Rashidi dynasty

The Rasheed dynasty, also called Al Rasheed or the House of Rasheed (Arabic: آل رشيد Āl Rashīd; pronounced [ʔæːl raˈʃiːd]), was a historic Arabian House or dynasty that existed in the Arabian Peninsula between 1836 and 1921. Its members were rulers of the Emirate of Ha'il and the most formidable enemies of the House of Saud, rulers of the Emirate of Nejd. They were centered in Ha'il, a city in northern Najd that derived its wealth from being on the route of the Hajj pilgrimage to Mecca, and was also a commercial center. The rulers of Ha'il were the sons of Abdullah bin Rashid, founder of the dynasty.

House of Rasheed
Flag of Rashidi Dynasty
Parent houseJaafar al-Shammari branch of Shammar
CountryEmirate of Jabal Shammar
FounderAbdullah bin Ali Al Rashid
Final rulerMuhammad bin Talāl
TitlesEmir of Jabal Shammar
Estate(s)Jabal Shammar


The Rashidi dynasty derived their name from their forebear Abdullah bin Ali Al Rashid, the first emir, who began the establishment of the Emirate of Ha'il. The Rashidi emirs co-operated closely with the Ottoman Empire. However, that co-operation became problematic as the Ottoman Empire lost popularity.

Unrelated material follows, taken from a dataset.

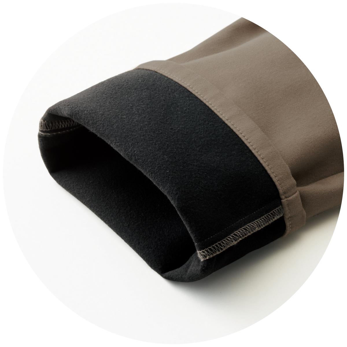 裏面ボンディングした目の細かいなめらかな起毛素材で心地いい肌ざわり

In 1890, Al Rashid occupied Riyadh and then defeated the Saudi tribes, who fled into exile, first to Bahrain, then to Qatar, and finally to Kuwait.[1]

As with many other Arab ruling dynasties, the lack of an accepted rule of succession was a recurrent problem for the Rashidi. The internal dispute normally centered on whether succession to the position of emir should be horizontal (to a brother) or vertical (to a son) and often were resolved violently. Six Rashidi leaders died violently in the last years of the nineteenth century. Nevertheless, the Rashidi still ruled and fought together during the Saudi–Rashidi Wars.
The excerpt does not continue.